Cyber risk aggregation presents a new challenge to insurers that, if not carefully managed, has the potential to cause losses that could eventually rival the asbestos claims. Why? In one word: "interconnectedness." There are few parallels to the interconnectedness of computer networks anywhere else in the insurance industry.

Perhaps the closest is geography in certain types of property coverage, inasmuch as a natural disaster that occurs in a specific location affects all properties in that area. But property insurers are able to use geography as a component of their risk model. They know the frequency with which hurricanes or earthquakes tend to hit certain locations and can adjust the risk that they assume accordingly.

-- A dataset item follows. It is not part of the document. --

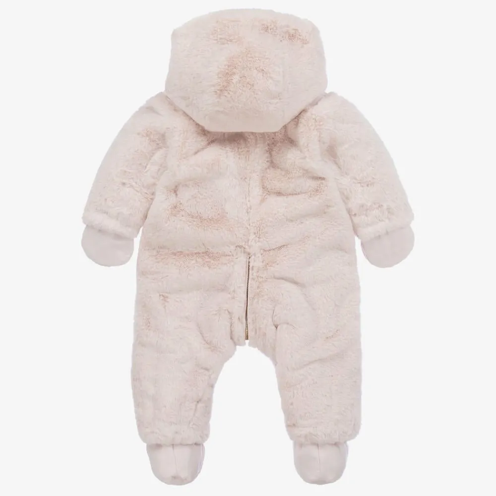 A pale pink puffer snowsuit for baby girls from Tartine et Chocolat, reversible for different looks. Super cosy with mid-weight padding, one side is silky-smooth, whilst the other is made in fluffy, plush faux fur. With scalloped trims, both sides have popper-closing pockets with logo engraving, and the golden front zip has a useful, protective chin guard. This hooded snowsuit includes handy mittens and booties, attaching with poppers, for additional warmth.
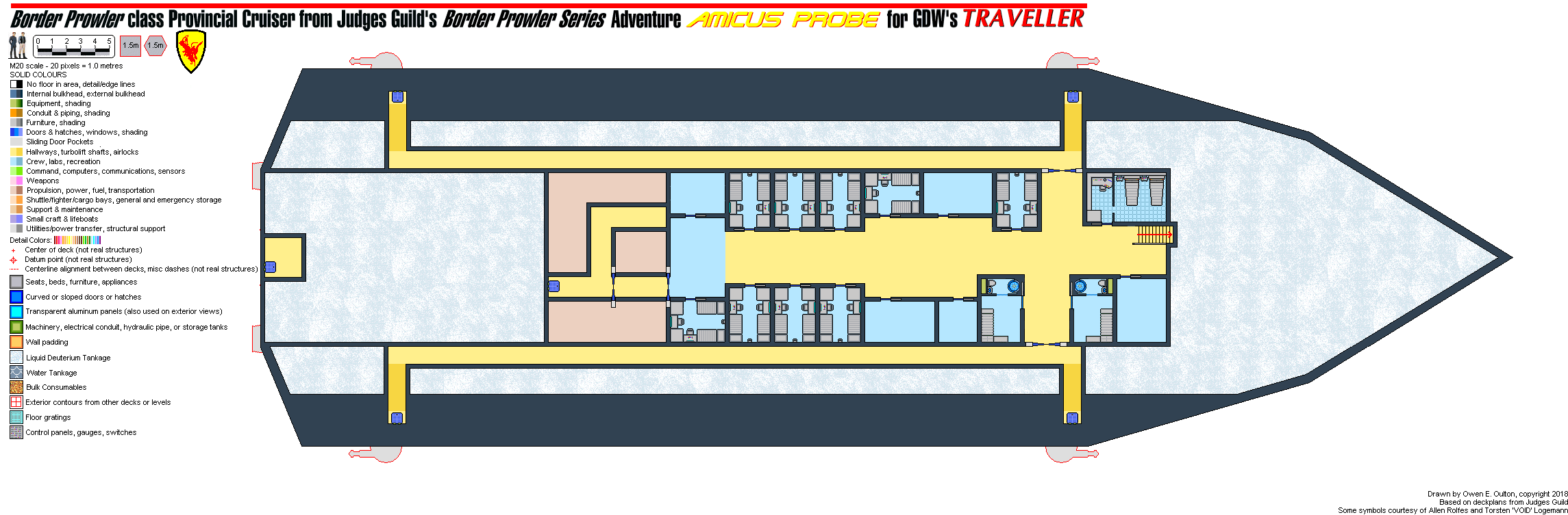 ![]() The Border Prowler class Provincial Cruisers are heavily armed warships designed for multiple missions. The normal configuration is Jump-4 capable with 200.0 tons of cargo. Removing the demountable fuel tanks reduces the range to Jump-3, but increases cargo capacity to 300 tons. The demountable tanks are mounted as two tanks, one with 46 tons of fuel, the other with 49 tons. The ship is equipped with fuel scoops and a fuel purifier. Usual armament on the ship is a Factor-2 Nuclear Damper projector, one triple sandcaster turret, four triple laser turrets organized into two batteries, two double fusion gun turrets organized as one battery, one particle accelerator Barbette, and two triple missile launcher turrets organized as one battery. A special module was built which fits in the cargo bay and provides staterooms and life support for 100 troops in middle passage. A low passage module was also built which provided for 250 men in low passage, 50 tons of equipment, and staterooms for 10 command personnel. A third module which provides passage for 20 troops, 20 tons of equipment, and semi-external carriage of a pair of 40-ton Attack Shuttles. |

The cyber domain is not nearly so predictable, and losses can occur anywhere. Although a property insurer can avoid insuring every home in a single geographic locale, it's much harder to avoid insuring multiple companies that all rely on the same cloud provider.

Surprising as it may sound, insurers today still have very low visibility and understanding of their policyholders' third-party relationships. Even more challenging are the fourth- and fifth-party relationships and knowing who subcontracts to whom. In practice what this means is that a cyber attack on one cloud provider could trigger multiple unforeseen policyholder claims.

Even if the insurer can begin to identify the percentage of policyholders that use specific third parties there is another problem. The insurer's contractual relationship is with the policyholder and not with the cloud provider. As a consequence, understanding the maturity of controls of any third-party vendor is difficult, and typically it is only the contractual relationship that an underwriter can scrutinize.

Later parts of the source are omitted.